What you are asked to do:
Could you return every record below word for word, leaving out the pictures?

Exercise material:
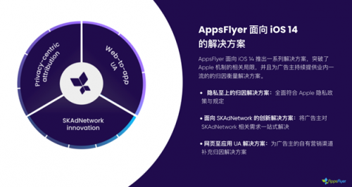 《指南》还详尽公开了 AppsFlyer 针对 iOS 14 的核心解决方案,包括:隐私至上的归因解决方案;面向 SKAdNetwork 的一站式解决方案 SK360;网页至应用 UA 解决方案;再营销应对方案等,帮助广告主解决数据访问和数据衡量受限的不确定性,结合多种解决方案实现最大程度数据覆盖,为广告主赋能的同时保护终端用户隐私。
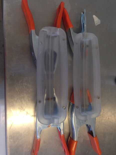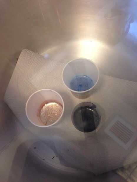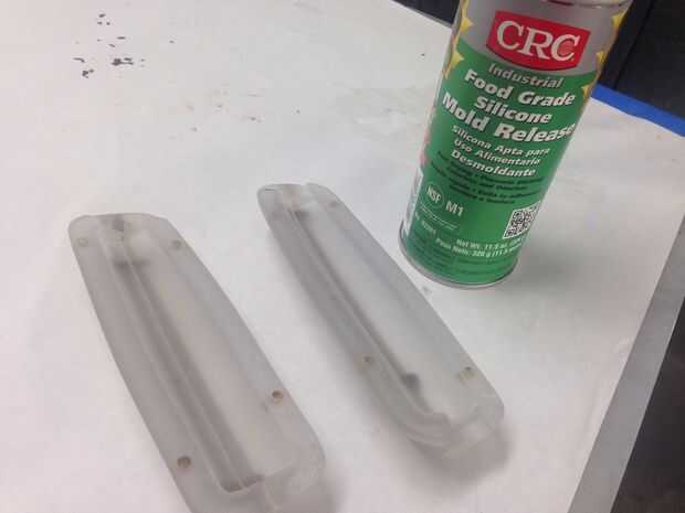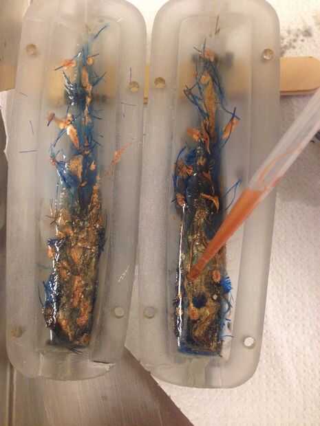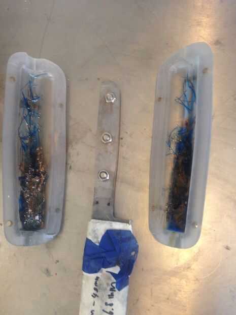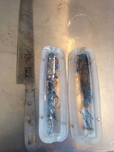 Taladré un agujero de verter 1/2 pulgada en el extremo del molde. aplicar a desmoldante de silicón en dentro y fuera del molde, mezcla colorante azul con fibra de vidrio para hacer fibras filtradas azul. Yo también han mezclado un lote de epoxy de fundición resistente a uv de alta calidad entonces dividir a los tres lotes. uno mezclado con polvo de mica, uno mezclado con polvo de grafito y por último uno teñido con colorante azul transparente.
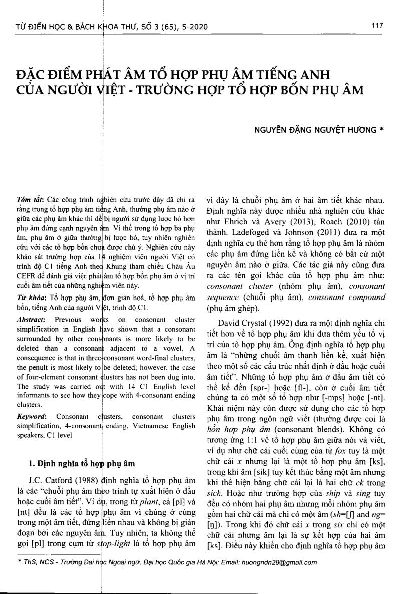 Đặc điểm phát âm tổ hợp phụ âm tiếng Anh của người Việt - trường hợp tổ hợp bốn phụ âm = Consonant chuster simplification - the case of Vietnamese Einglish speakers
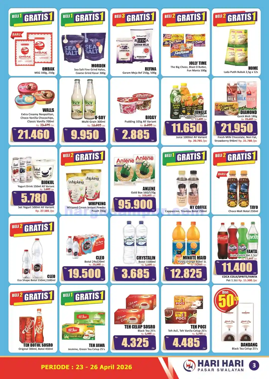 Katalog Promo KJSM Hari Hari Pasar Swalayan – Sebagai seseorang yang bertahun-tahun bertanggung jawab atas belanja rumah tangga, saya sudah terbiasa memantau katalog promo setiap akhir bulan. Salah satu yang paling saya tunggu-tunggu adalah promo KJSM (Kamis, Jumat, Sabtu, Minggu) dari Hari Hari Pasar Swalayan. Kali ini, periode 23 hingga 26 April 2026 hadir dengan penawaran yang lagi-lagi bikin saya tergoda untuk belanja lebih awal dari biasanya.
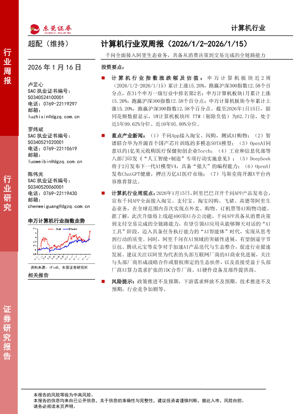 【东莞证券】【202601】计算机行业双周报:千问全面接入阿里生态业务,具备从消费决策到交易完成的全链路能力-9页
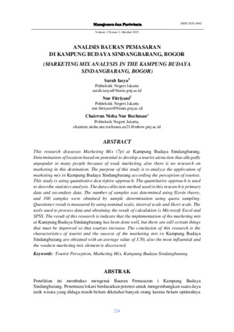 Sarah Iasya and Nur Fitriyani and Chairrun Nisha Nur Rochman (2022) Analisis bauran pemasaran di Kampung Budaya Sindangbarang, Bogor. Manajemen dan Pariwisata, 1 (2): 6. pp. 224-235. ISSN 2829-5692

Written solution:
 《指南》还详尽公开了 AppsFlyer 针对 iOS 14 的核心解决方案,包括:隐私至上的归因解决方案;面向 SKAdNetwork 的一站式解决方案 SK360;网页至应用 UA 解决方案;再营销应对方案等,帮助广告主解决数据访问和数据衡量受限的不确定性,结合多种解决方案实现最大程度数据覆盖,为广告主赋能的同时保护终端用户隐私。
 Taladré un agujero de verter 1/2 pulgada en el extremo del molde. aplicar a desmoldante de silicón en dentro y fuera del molde, mezcla colorante azul con fibra de vidrio para hacer fibras filtradas azul. Yo también han mezclado un lote de epoxy de fundición resistente a uv de alta calidad entonces dividir a los tres lotes. uno mezclado con polvo de mica, uno mezclado con polvo de grafito y por último uno teñido con colorante azul transparente.
 Đặc điểm phát âm tổ hợp phụ âm tiếng Anh của người Việt - trường hợp tổ hợp bốn phụ âm = Consonant chuster simplification - the case of Vietnamese Einglish speakers
 Katalog Promo KJSM Hari Hari Pasar Swalayan – Sebagai seseorang yang bertahun-tahun bertanggung jawab atas belanja rumah tangga, saya sudah terbiasa memantau katalog promo setiap akhir bulan. Salah satu yang paling saya tunggu-tunggu adalah promo KJSM (Kamis, Jumat, Sabtu, Minggu) dari Hari Hari Pasar Swalayan. Kali ini, periode 23 hingga 26 April 2026 hadir dengan penawaran yang lagi-lagi bikin saya tergoda untuk belanja lebih awal dari biasanya.
 【东莞证券】【202601】计算机行业双周报:千问全面接入阿里生态业务,具备从消费决策到交易完成的全链路能力-9页
 Sarah Iasya and Nur Fitriyani and Chairrun Nisha Nur Rochman (2022) Analisis bauran pemasaran di Kampung Budaya Sindangbarang, Bogor. Manajemen dan Pariwisata, 1 (2): 6. pp. 224-235. ISSN 2829-5692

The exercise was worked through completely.